── Information supplied
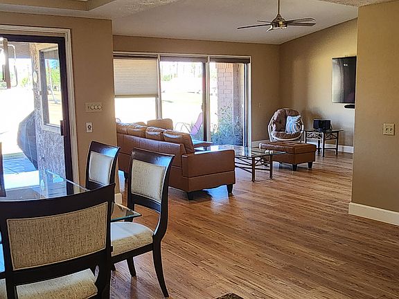 3rd bedroom as office. Airbed if needed. Includes ulilities but golf if desired at your expense. Gas grill on patio, 21 pools, pickleball courts and tennis. Home overlooks 5 and six holes of course. Close to El Paseo and more.
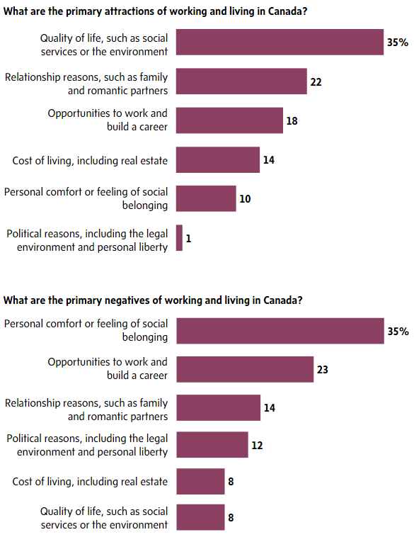 在加拿大生活,学生们更喜欢的是其生活质量,例如环境和社会服务,其次是朋友、家庭和情侣关系。而最令人难以接受的,就是没有归属感。
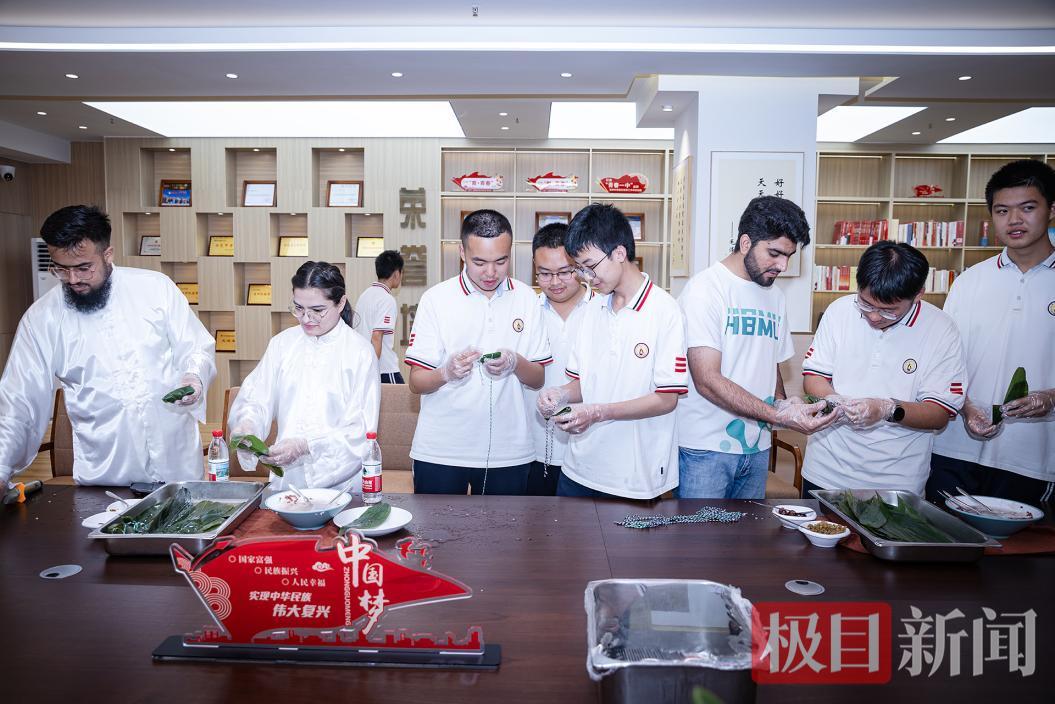 最具烟火气的包粽子环节将活动推向高潮。中外学生分组协作,从粽叶折叠、糯米填充到棉线缠绕,在手把手教学中感受端午民俗的温度。来自巴基斯坦的留学生卡米表示:“第一次包粽子很有趣,原来每一片粽叶都包裹着中国文化的味道。”
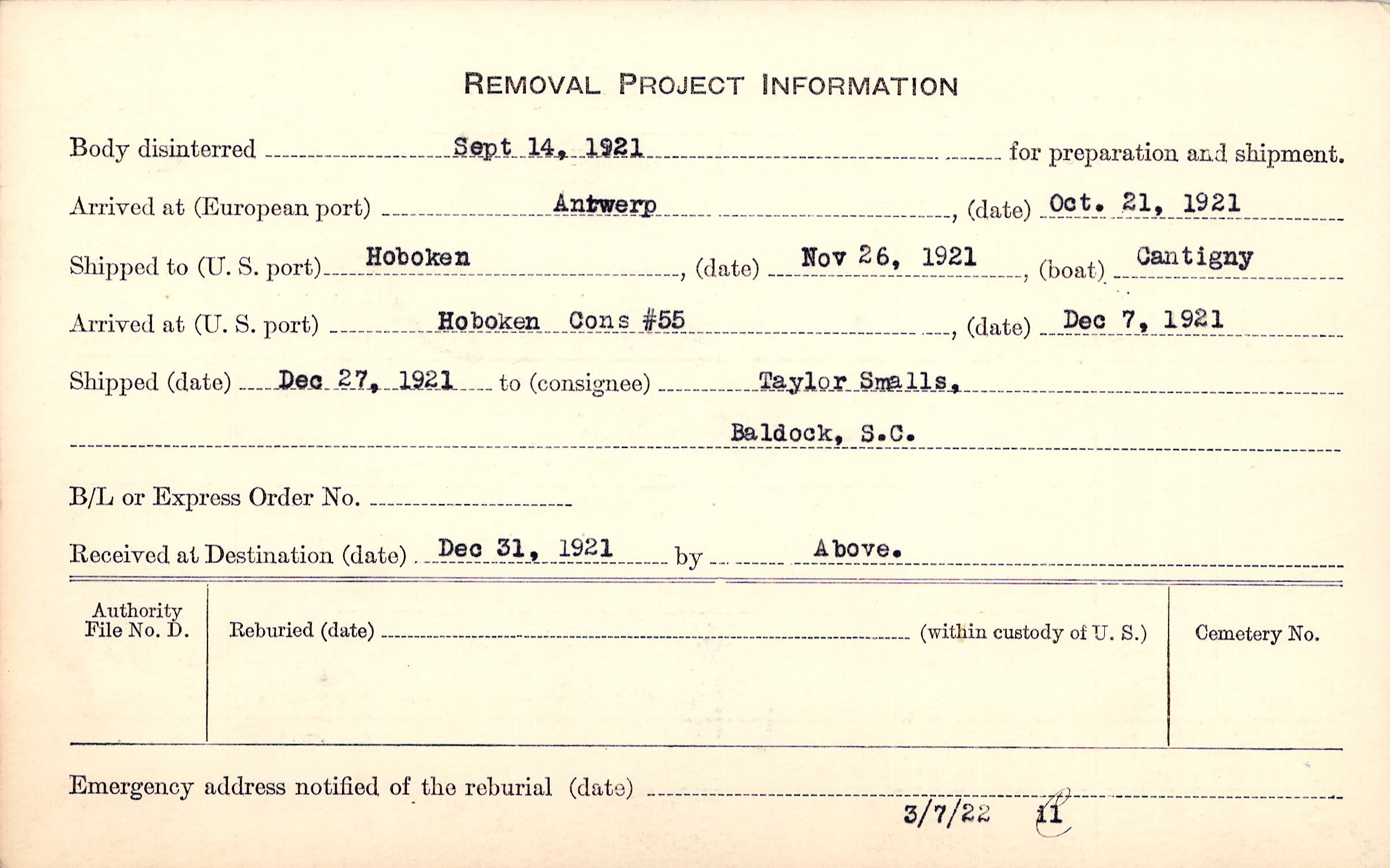 Body disinterred 9/14/1921 for preparation and shipment.
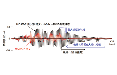 HiDAX-Rは、新開発の振動エネルギー回生システムVERS(Vibration Energy Recovery System)を搭載することで、その制震効率は従来型HiDAX-eの約2倍、一般型のオイルダンパの約4倍に達します。風揺れから震度7クラスの大地震までカバーすることはもちろん、頻度の高い震度4~5クラスの地震や、継続時間の長い長周期地震動に対して特に効果を発揮します。
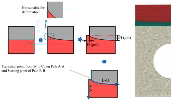 Given the significant pressure and plastic strain at the interface resulting from the thermal expansion mismatch between the tungsten and the copper, replacing the flat W/Cu interface with a curved geometry can alleviate stress concentration. However, this may lead to an overly narrow (sharp) geometry in the oxygen-free copper region, which is unfavorable for sufficient deformation. Therefore, the Cu and CuCrZr regions are extended outward in the X direction to provide adequate deformation space, as illustrated schematically in Figure 10. Throughout the design process, the vertical distance between the top surface of tungsten and the lowest point of the curved interface, as well as the distance from that point to the center of the cooling channel, remain unchanged. The shape of the interface is controlled by two parameters: the vertical rise height H of the highest point of the Cu region and the lateral extension distance D of the Cu/CuCrZr boundary in the X direction. The meshed model of the designed structure is also shown in Figure 10. Paths A-A and B-B are defined to better account for the effect of the structure on temperature and interface stresses.
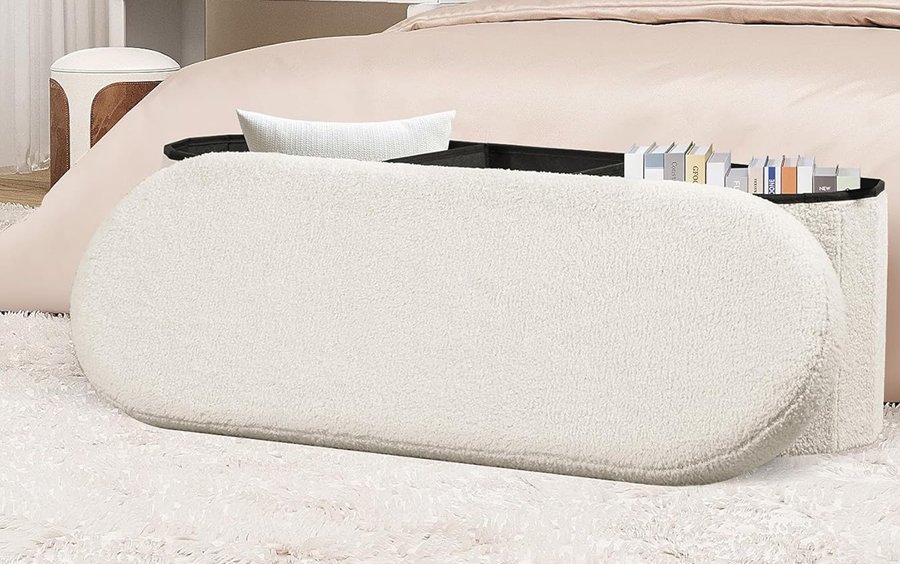 PINPLUS Storage Ottoman Bench Tufted Oval Ottoman Bench Foot Rest, Chest Box Velvet Bench with Storage - 43" x 15" x 15" - white (Model: b2c-xyf240091BE-white)
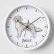Destei's original cartoon illustration of a cute English cream coat colour Golden Retriever breed dog. The clock face is made of simple modern lines. There is also a personalizable text area for a name or other custom text.
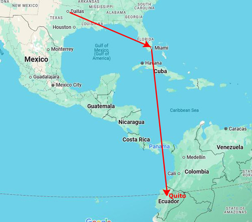 Not only did the routing on Avianca not go anywhere near Miami, the departure time from Dallas was much more civilized. American had changed their schedule such that to make the flight from Miami to Quito, one had to leave absurdly early in the morning for Miami. The Avianca schedule has the traveler departing at 12:45 in the afternoon. The Aviance routing goes almost directly south, making a single stop in San Salvador, the capital of El Salvador, after a three-hour flight from Dallas. The only drawback regarding the flight down is that the layover in San Salvador is a long one- 4+ hours. But if you have something to do or read (like my laptop or tablet or Fred's book) it's not that bad.
────
▸ **Work order**:
Would you transcribe all of the entries above exactly, minus the images?

▸ **Written reply**:
 3rd bedroom as office. Airbed if needed. Includes ulilities but golf if desired at your expense. Gas grill on patio, 21 pools, pickleball courts and tennis. Home overlooks 5 and six holes of course. Close to El Paseo and more.
 在加拿大生活,学生们更喜欢的是其生活质量,例如环境和社会服务,其次是朋友、家庭和情侣关系。而最令人难以接受的,就是没有归属感。
 最具烟火气的包粽子环节将活动推向高潮。中外学生分组协作,从粽叶折叠、糯米填充到棉线缠绕,在手把手教学中感受端午民俗的温度。来自巴基斯坦的留学生卡米表示:“第一次包粽子很有趣,原来每一片粽叶都包裹着中国文化的味道。”
 Body disinterred 9/14/1921 for preparation and shipment.
 HiDAX-Rは、新開発の振動エネルギー回生システムVERS(Vibration Energy Recovery System)を搭載することで、その制震効率は従来型HiDAX-eの約2倍、一般型のオイルダンパの約4倍に達します。風揺れから震度7クラスの大地震までカバーすることはもちろん、頻度の高い震度4~5クラスの地震や、継続時間の長い長周期地震動に対して特に効果を発揮します。
 Given the significant pressure and plastic strain at the interface resulting from the thermal expansion mismatch between the tungsten and the copper, replacing the flat W/Cu interface with a curved geometry can alleviate stress concentration. However, this may lead to an overly narrow (sharp) geometry in the oxygen-free copper region, which is unfavorable for sufficient deformation. Therefore, the Cu and CuCrZr regions are extended outward in the X direction to provide adequate deformation space, as illustrated schematically in Figure 10. Throughout the design process, the vertical distance between the top surface of tungsten and the lowest point of the curved interface, as well as the distance from that point to the center of the cooling channel, remain unchanged. The shape of the interface is controlled by two parameters: the vertical rise height H of the highest point of the Cu region and the lateral extension distance D of the Cu/CuCrZr boundary in the X direction. The meshed model of the designed structure is also shown in Figure 10. Paths A-A and B-B are defined to better account for the effect of the structure on temperature and interface stresses.
 PINPLUS Storage Ottoman Bench Tufted Oval Ottoman Bench Foot Rest, Chest Box Velvet Bench with Storage - 43" x 15" x 15" - white (Model: b2c-xyf240091BE-white)
Destei's original cartoon illustration of a cute English cream coat colour Golden Retriever breed dog. The clock face is made of simple modern lines. There is also a personalizable text area for a name or other custom text.
 Not only did the routing on Avianca not go anywhere near Miami, the departure time from Dallas was much more civilized. American had changed their schedule such that to make the flight from Miami to Quito, one had to leave absurdly early in the morning for Miami. The Avianca schedule has the traveler departing at 12:45 in the afternoon. The Aviance routing goes almost directly south, making a single stop in San Salvador, the capital of El Salvador, after a three-hour flight from Dallas. The only drawback regarding the flight down is that the layover in San Salvador is a long one- 4+ hours. But if you have something to do or read (like my laptop or tablet or Fred's book) it's not that bad.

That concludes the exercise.